[Dataset excerpts]

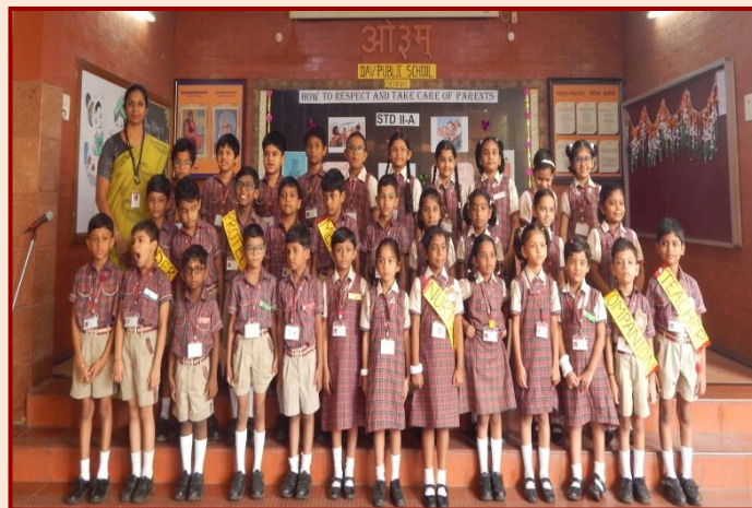
When We Move as One, We Shine Even Brighter
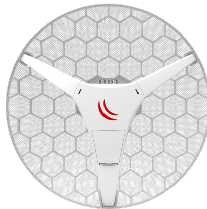
LHG HP5 / LHG 5 ac
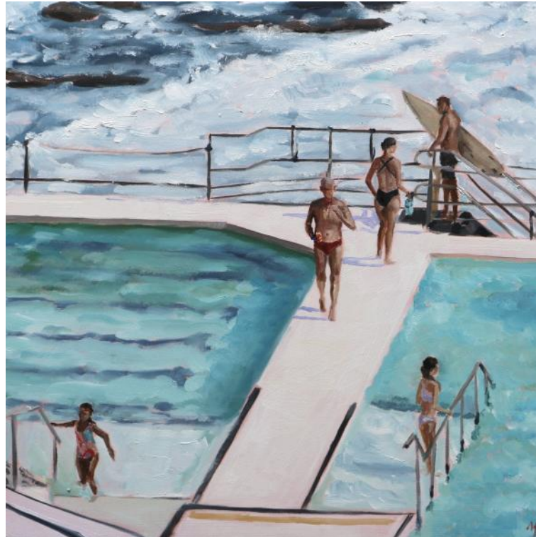
'Bondi Morning (Ocean Pool No.3)' oil on cradled birch panel 30x30cm framed $750
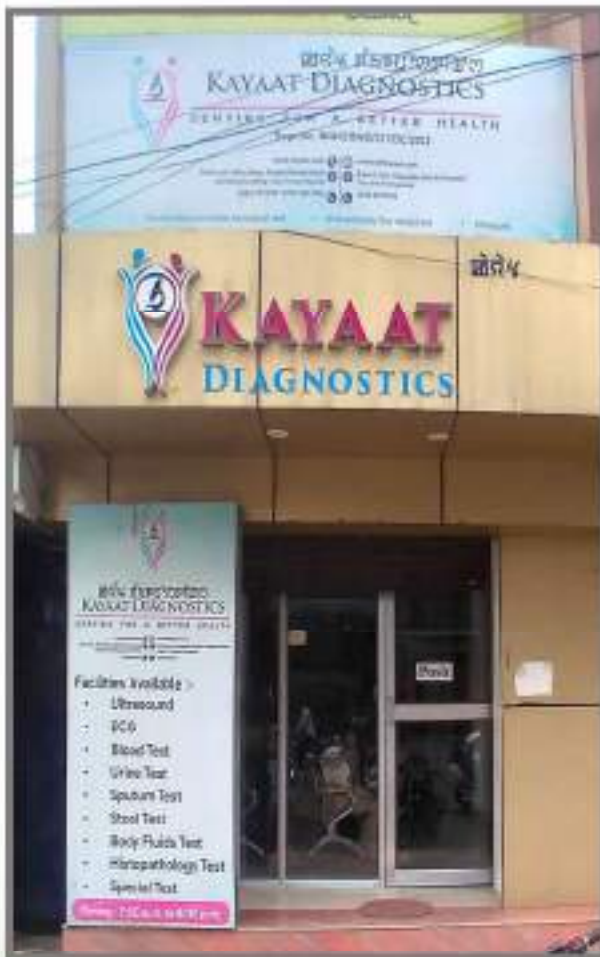
Kayaat Diagnostics, RIMS Road
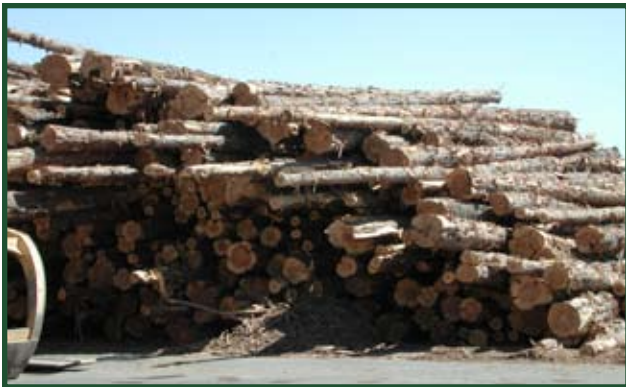
Juniper supply in yard

REACH has been instrumental in providing a solution for a diverse group of community concerns—from establishing a market for the invasive western juniper, to helping restore watersheds and ecosystems, to creating jobs in the community. It is a unique, non-profit rehabilitation business that I was fortunate to tour. I am proud to know this business not only exists but that it has prospered in so many ways.
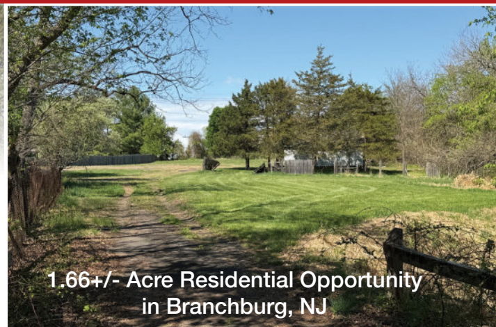
1.66+/- Acre Residential Opportunity in Branchburg, NJ
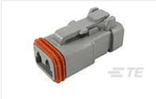
TE Part #DT06-2S-EP04 PLG, 2P, GRY, N, CAP
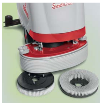
On both scrubbing versions (Simpla 50/55/65) and the sweeping version (Simpla 50 BTS) it's very easy to replace brushes without specialised personnel

=== What this task involves ===
Every entry must be written out exactly, with all pictures left out.

=== Solution ===
When We Move as One, We Shine Even Brighter
LHG HP5 / LHG 5 ac
'Bondi Morning (Ocean Pool No.3)' oil on cradled birch panel 30x30cm framed $750
Kayaat Diagnostics, RIMS Road
Juniper supply in yard

REACH has been instrumental in providing a solution for a diverse group of community concerns—from establishing a market for the invasive western juniper, to helping restore watersheds and ecosystems, to creating jobs in the community. It is a unique, non-profit rehabilitation business that I was fortunate to tour. I am proud to know this business not only exists but that it has prospered in so many ways.
1.66+/- Acre Residential Opportunity in Branchburg, NJ
TE Part #DT06-2S-EP04 PLG, 2P, GRY, N, CAP
On both scrubbing versions (Simpla 50/55/65) and the sweeping version (Simpla 50 BTS) it's very easy to replace brushes without specialised personnel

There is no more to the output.